What lines in the entries hold the string "this"? List them.

Dataset entries:
============

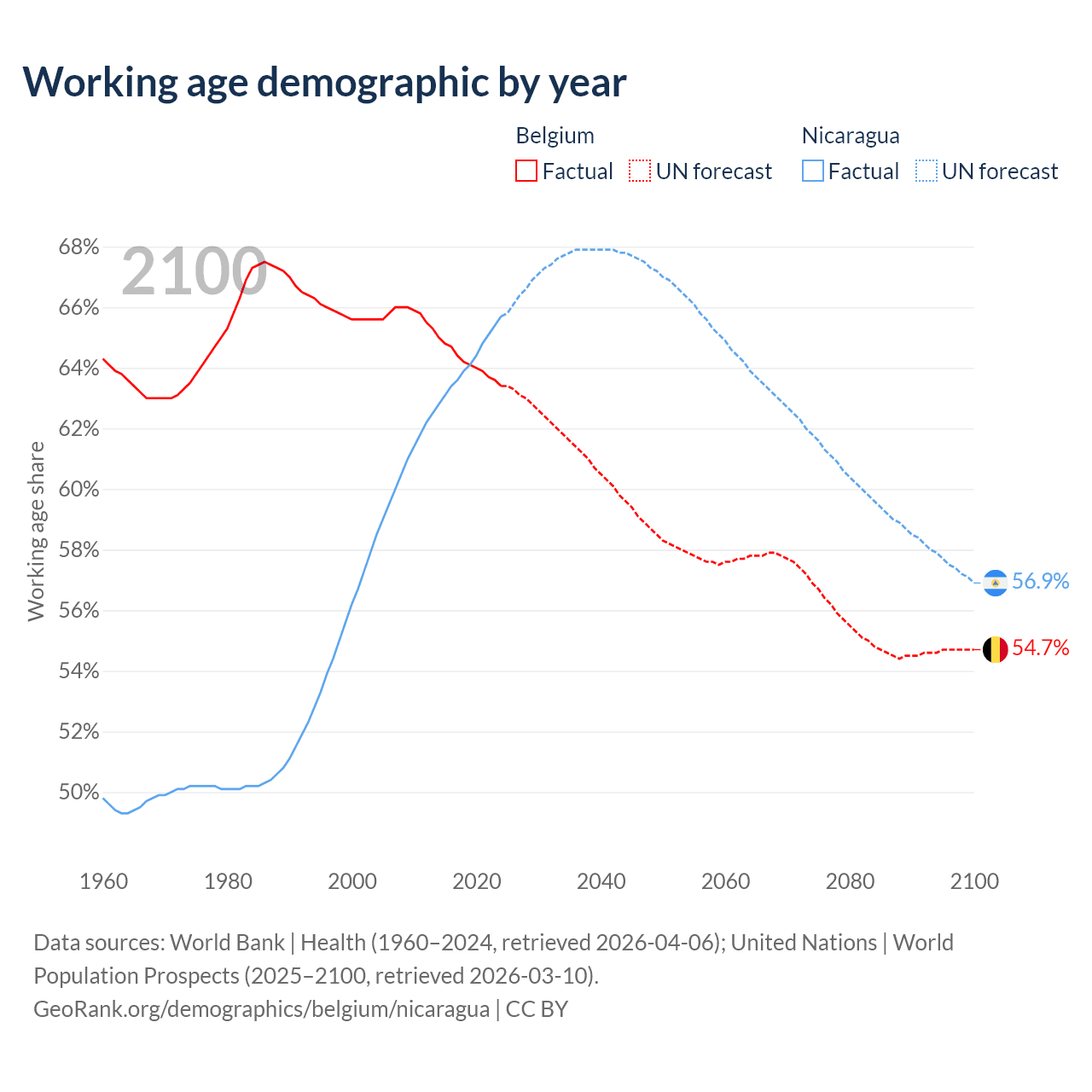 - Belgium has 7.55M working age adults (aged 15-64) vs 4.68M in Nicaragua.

============

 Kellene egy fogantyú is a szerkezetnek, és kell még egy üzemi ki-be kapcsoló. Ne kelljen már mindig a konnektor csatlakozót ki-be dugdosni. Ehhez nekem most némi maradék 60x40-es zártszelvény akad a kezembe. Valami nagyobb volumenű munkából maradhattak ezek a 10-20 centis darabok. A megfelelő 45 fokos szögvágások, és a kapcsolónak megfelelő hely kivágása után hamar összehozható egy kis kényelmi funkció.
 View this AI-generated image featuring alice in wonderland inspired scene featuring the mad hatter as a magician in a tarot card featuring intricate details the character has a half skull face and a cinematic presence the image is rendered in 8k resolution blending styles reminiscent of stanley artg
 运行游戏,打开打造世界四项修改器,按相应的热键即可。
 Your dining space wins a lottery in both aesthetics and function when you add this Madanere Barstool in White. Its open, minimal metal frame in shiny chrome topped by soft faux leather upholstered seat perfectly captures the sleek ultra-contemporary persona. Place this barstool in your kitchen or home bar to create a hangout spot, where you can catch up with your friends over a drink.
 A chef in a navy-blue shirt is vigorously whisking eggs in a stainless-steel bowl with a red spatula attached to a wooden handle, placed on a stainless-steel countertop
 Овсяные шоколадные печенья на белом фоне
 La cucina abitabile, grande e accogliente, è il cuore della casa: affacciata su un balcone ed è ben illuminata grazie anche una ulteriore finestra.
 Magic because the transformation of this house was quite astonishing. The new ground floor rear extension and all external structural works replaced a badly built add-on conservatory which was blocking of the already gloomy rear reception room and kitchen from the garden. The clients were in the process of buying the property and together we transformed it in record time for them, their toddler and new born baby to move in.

============

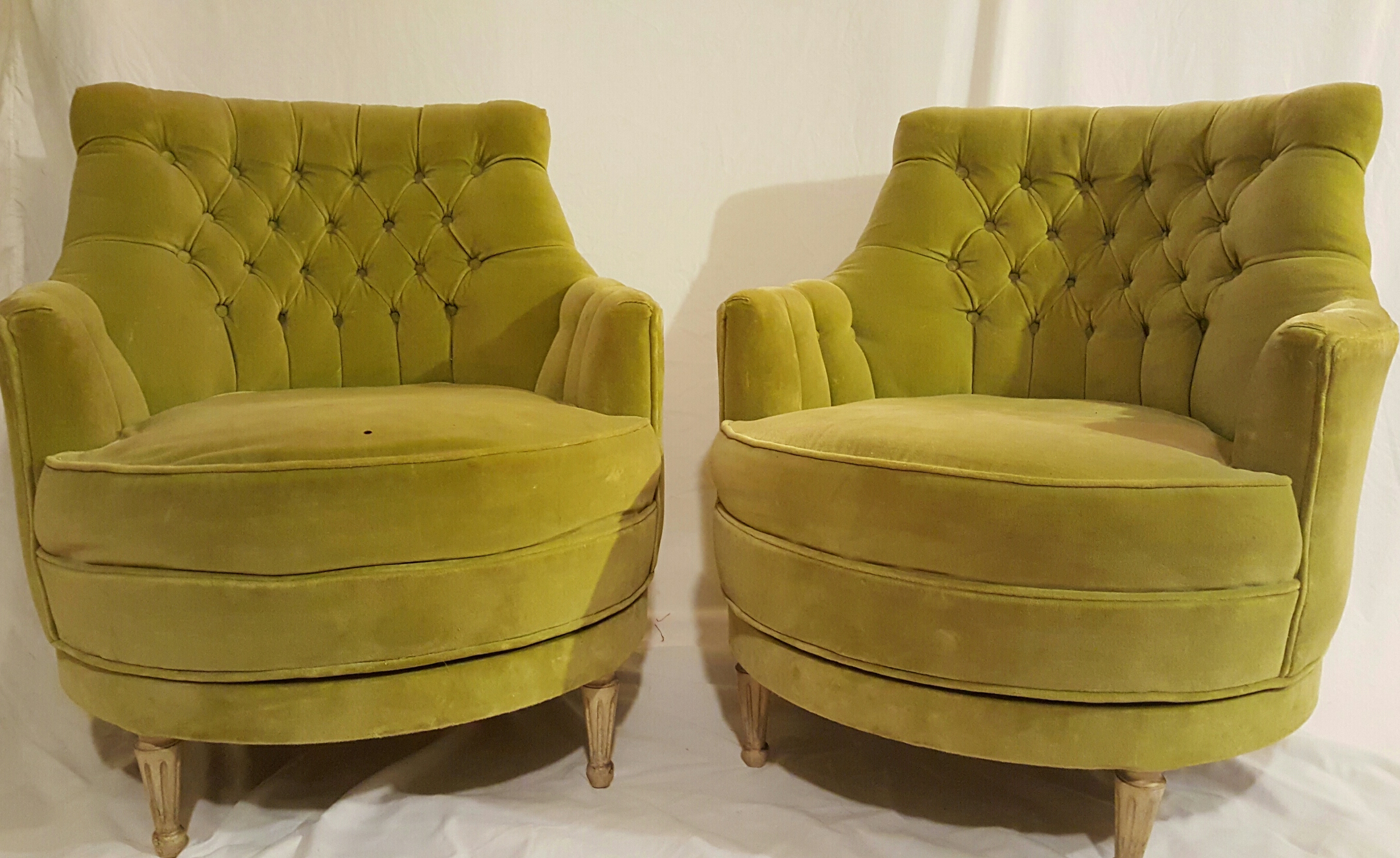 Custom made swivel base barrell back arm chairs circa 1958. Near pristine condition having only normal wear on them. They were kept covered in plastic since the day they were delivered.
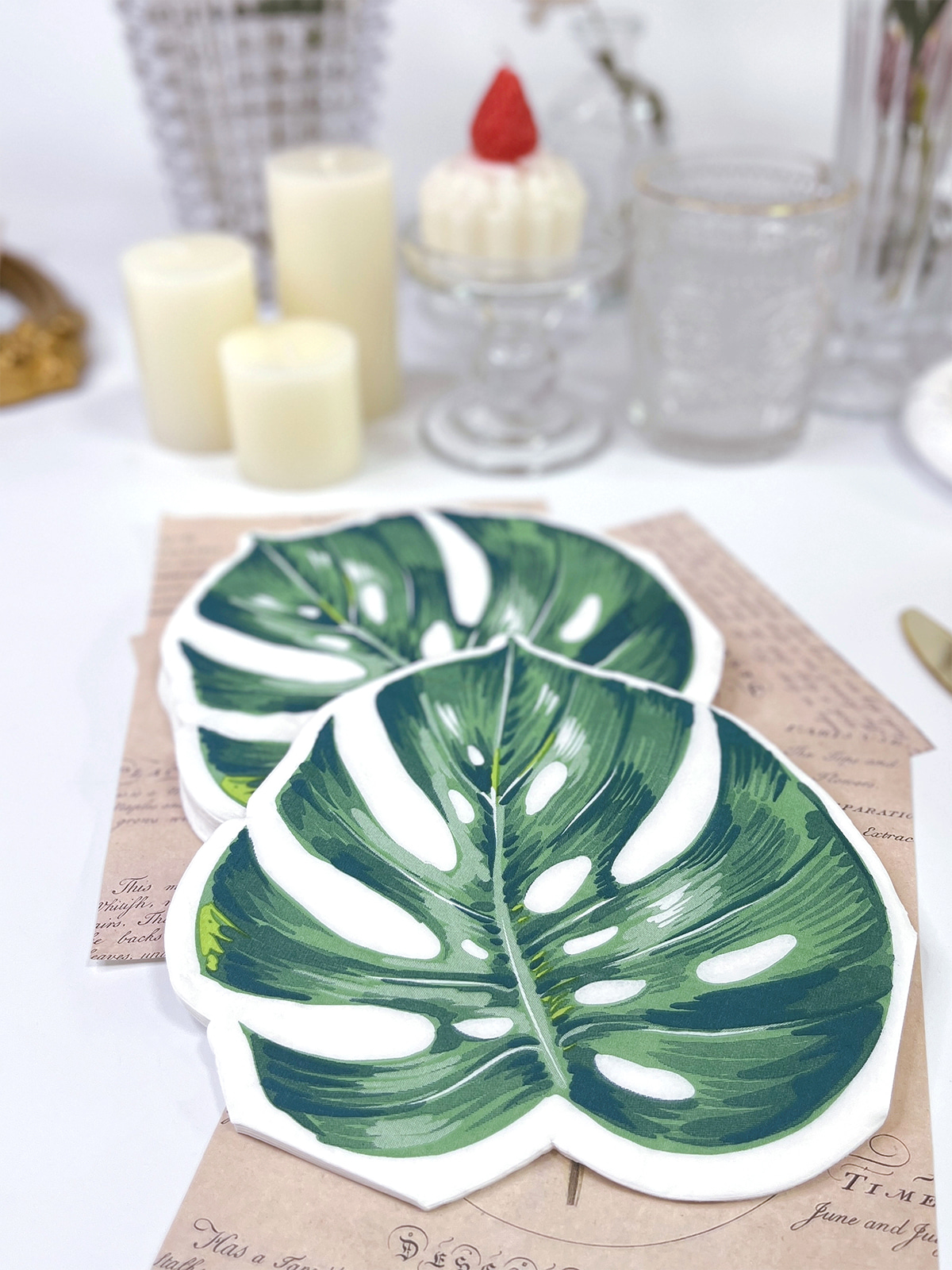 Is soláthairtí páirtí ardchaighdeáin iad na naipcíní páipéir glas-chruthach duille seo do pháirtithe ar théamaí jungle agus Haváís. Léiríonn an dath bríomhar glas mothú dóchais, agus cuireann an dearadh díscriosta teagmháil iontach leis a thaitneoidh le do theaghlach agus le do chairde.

============

Written answer:
 View this AI-generated image featuring alice in wonderland inspired scene featuring the mad hatter as a magician in a tarot card featuring intricate details the character has a half skull face and a cinematic presence the image is rendered in 8k resolution blending styles reminiscent of stanley artg
 Your dining space wins a lottery in both aesthetics and function when you add this Madanere Barstool in White. Its open, minimal metal frame in shiny chrome topped by soft faux leather upholstered seat perfectly captures the sleek ultra-contemporary persona. Place this barstool in your kitchen or home bar to create a hangout spot, where you can catch up with your friends over a drink.
 Magic because the transformation of this house was quite astonishing. The new ground floor rear extension and all external structural works replaced a badly built add-on conservatory which was blocking of the already gloomy rear reception room and kitchen from the garden. The clients were in the process of buying the property and together we transformed it in record time for them, their toddler and new born baby to move in.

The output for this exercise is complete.